パッケージを見ると、DVD、SVCD、VCD3.0、DVCD、MP3、OKO、CD-R、CD+Gと書いてある。DVD、SVCDまではわかるが、その後のVCD3.0とDVCDとかよくわからないものが……。まあ、たぶんVideoCDやminiDVDなどの従兄弟みたいなものだろうと想像がつくのだけれど、「OKO」ってのは一体何でしょうか?。 封入品は、本体とリモコンのみのシンプルなもの。本体は、430×282×60mm(幅×奥行き×高さ)と、やや薄めのデザイン。前面パネルにはマイク入力を2系統搭載し、パネルのセンター部に1.2.3.4.5と、何に使うのか良くわからない(説明書にも特に記述なし)ボタンを5つ装備。実際に押してみても反応が無かった。 また、早送り、巻き戻しボタンは付いているが、チャプタスキップ用のボタンは無く、本体のみで操作を行なうのは難しい。マイク入力を前面に2系統備えていることからもわかるとおり、カラオケ端末としての利用を想定されているようだが、普通のDVDプレーヤーとして使う分にはかなり疑問を抱くボタン配置となっている。
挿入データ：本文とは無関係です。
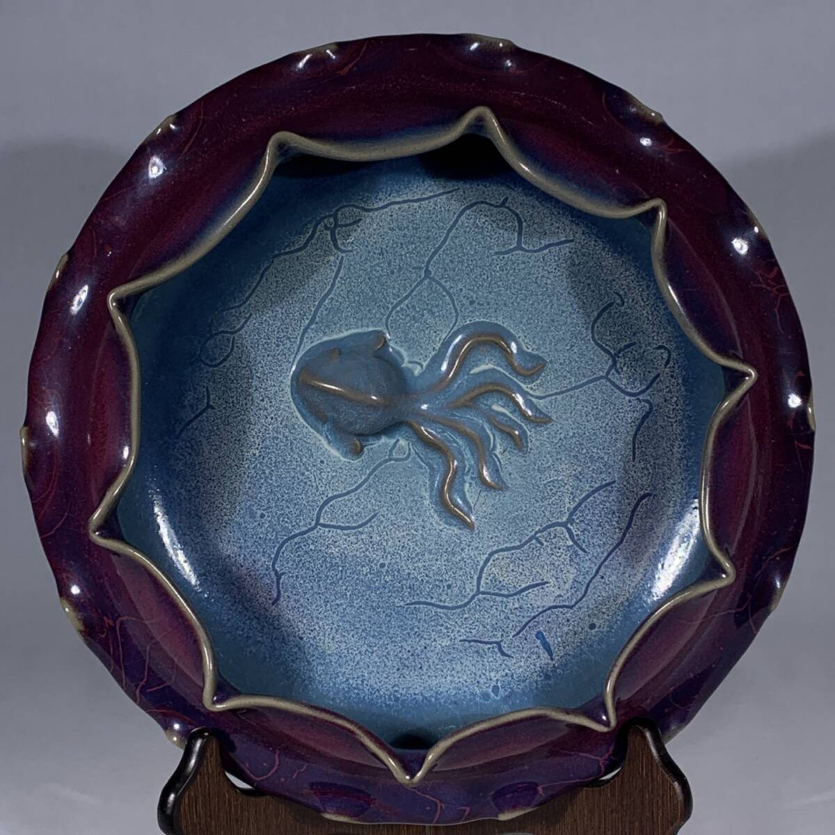 - 宋時代 古陶磁器 鈞窯 紫釉 魚紋 花口洗 水洗 文案 置物 擺件 時代物 古董品 骨董 旧家蔵出し 唐物 中国古玩 古美術品
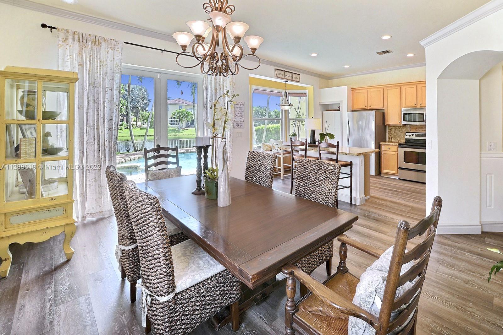PARADISE AWAITS IN MONARCH LAKES. SPECTACULAR WATERFRONT POOL HOME IS SITUATED ON A RARELY AVAILABLE OVERSIZED PREMIUM LOT. ENJOY WELCOMING CURB APPEAL IN A GATED COMMUNITY. REMODELED 3 BED, 2 BATH HOME W IMPACT WINDOWS, STUNNING ARCHITECTURAL DETAILS INCLUDING NICHES, TRAY CEILINGS & GRACEFUL ARCHES. ENJOY A NEUTRAL COLOR PALETTE THROUGHOUT INCLUDING NEW PLANK FLOORING. BEAUTIFUL KITCHEN HAS TONS OF CABINETS, GRANITE TOPS, ISLAND, BREAKFAST NOOK & SPECTACULAR VIEWS. PERFECT FOR ENJOYING INDOOR/OUTDOOR LIVING, FRENCH DOORS OPEN FROM THE DINING ROOM TO THE POOL & PATIO. PRIMARY SUITE HAS WAINSCOTING DETAIL W SERENE POOL & WATER VIEWS. INVITING ENSUITE BATH WILL MAKE YOU NEVER WANT TO LEAVE! PRIVATE BACKYARD PARADISE W POOL, SPA, EXTENDED PATIO & GAZEBO. 2021 AC. GREAT LOCATION CLOSE TO 75.
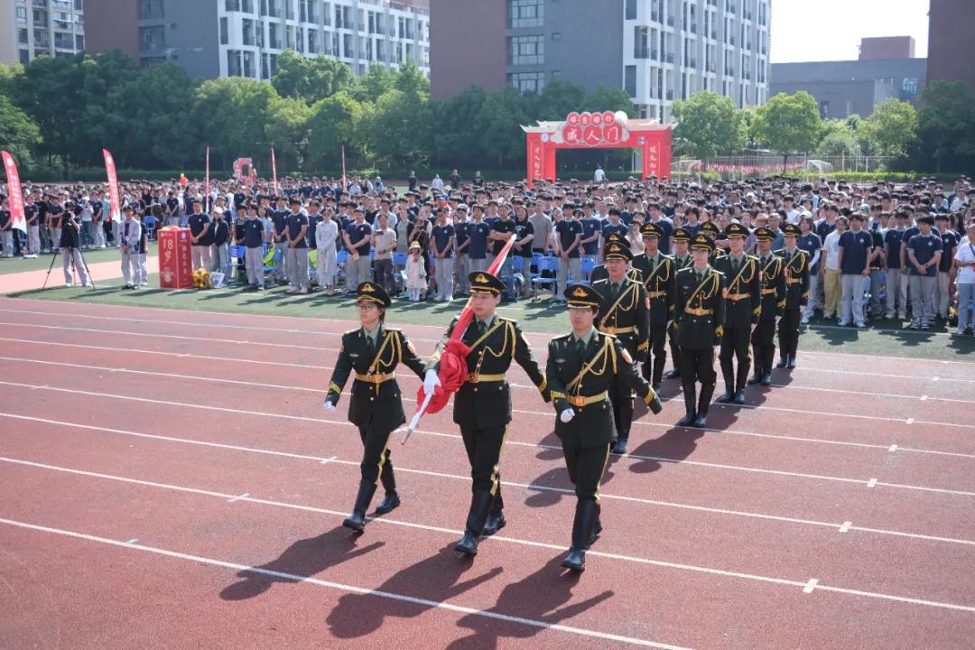 國旗護衛(wèi)隊入場,升國旗奏唱國歌。全體人員行注目禮,在激昂的國歌聲中,五星紅旗冉冉升起,迎風飄揚,激發(fā)了在場所有人的愛國之情。18響禮炮轟鳴,象征著學生們正式步入18歲成年,開啟人生新征程。
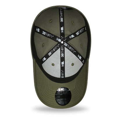 The 39THIRTY L.A. Dodgers MLB Corduroy Baseball Cap from New Era in olive features the team's logo embroidered on the front. The New Era flag is embroidered on the side and the MLB logo is embroidered at the back. There is a sweatband that stretches for a great fit.

出力端子は、背面にアナログ5.1ch出力と、コンポーネント/S映像/コンポジットを各1系統、光デジタル/同軸デジタル音声出力を各1系統、アナログ2ch音声出力も装備している。 リモコンは十字キーを中心にレイアウトされており、低価格プレーヤーとしてはやけにキーが多いような……。「♭」とか「#」と書いてあるキーも備えている。何かと思ったら、カラオケ用のキーの上げ下げボタンとのこと。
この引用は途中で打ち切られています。